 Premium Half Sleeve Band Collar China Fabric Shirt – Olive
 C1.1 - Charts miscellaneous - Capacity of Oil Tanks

* * *

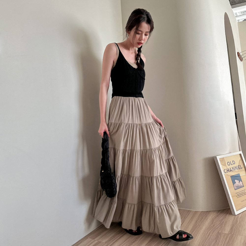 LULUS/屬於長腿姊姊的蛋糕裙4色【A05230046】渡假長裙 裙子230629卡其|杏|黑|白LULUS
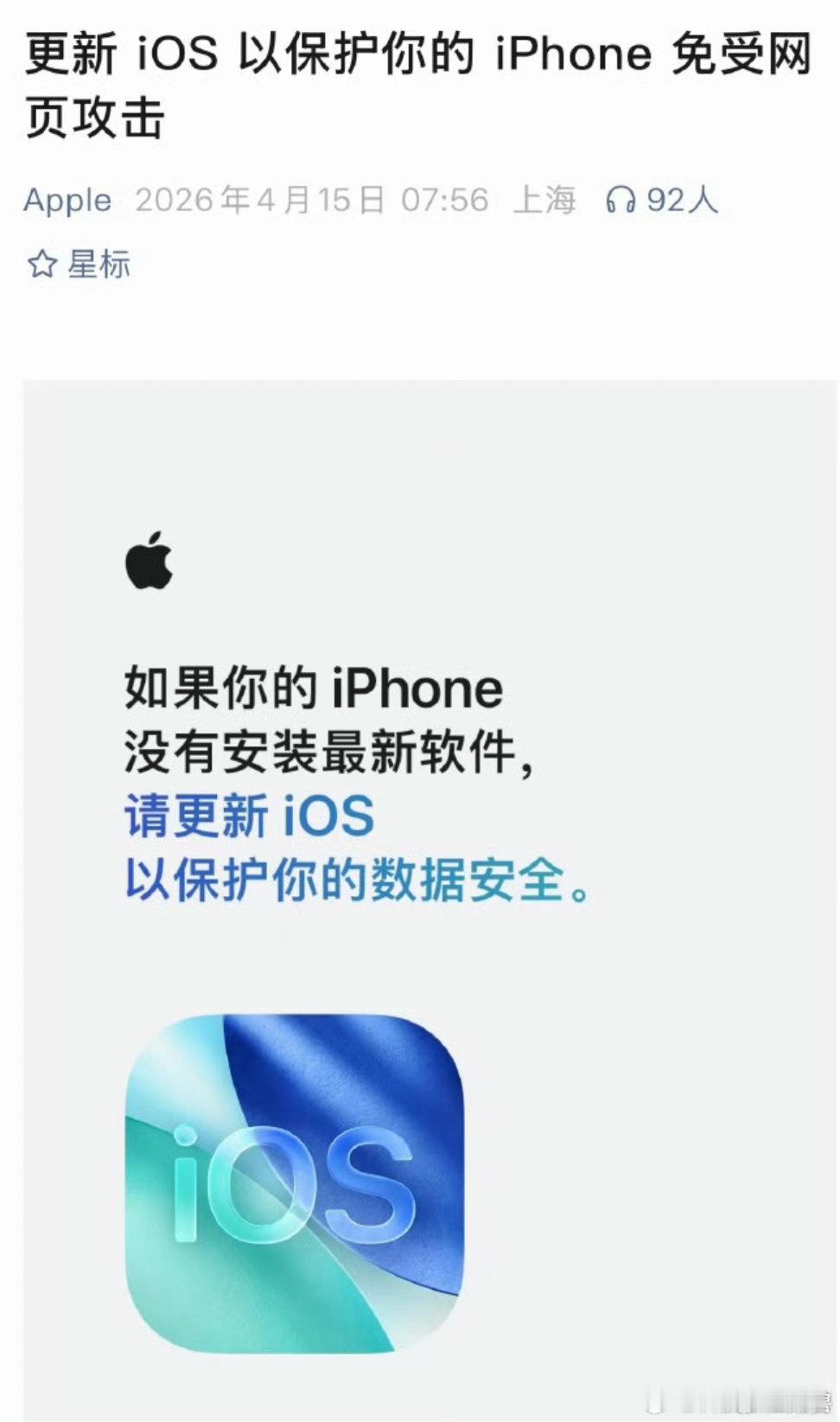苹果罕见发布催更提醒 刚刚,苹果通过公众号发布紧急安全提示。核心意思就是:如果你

* [Directions for this task]:
Range to copy from the listing above: the line with "LULUS/屬於長腿姊姊的蛋" through the line with "苹果罕见发布催更提醒 刚刚,苹果通过公众号发布紧急安全提示。核心意思就是:如果你". Transcribe it exactly and skip the pictures.

* [Solution to this task]:
 LULUS/屬於長腿姊姊的蛋糕裙4色【A05230046】渡假長裙 裙子230629卡其|杏|黑|白LULUS
苹果罕见发布催更提醒 刚刚,苹果通过公众号发布紧急安全提示。核心意思就是:如果你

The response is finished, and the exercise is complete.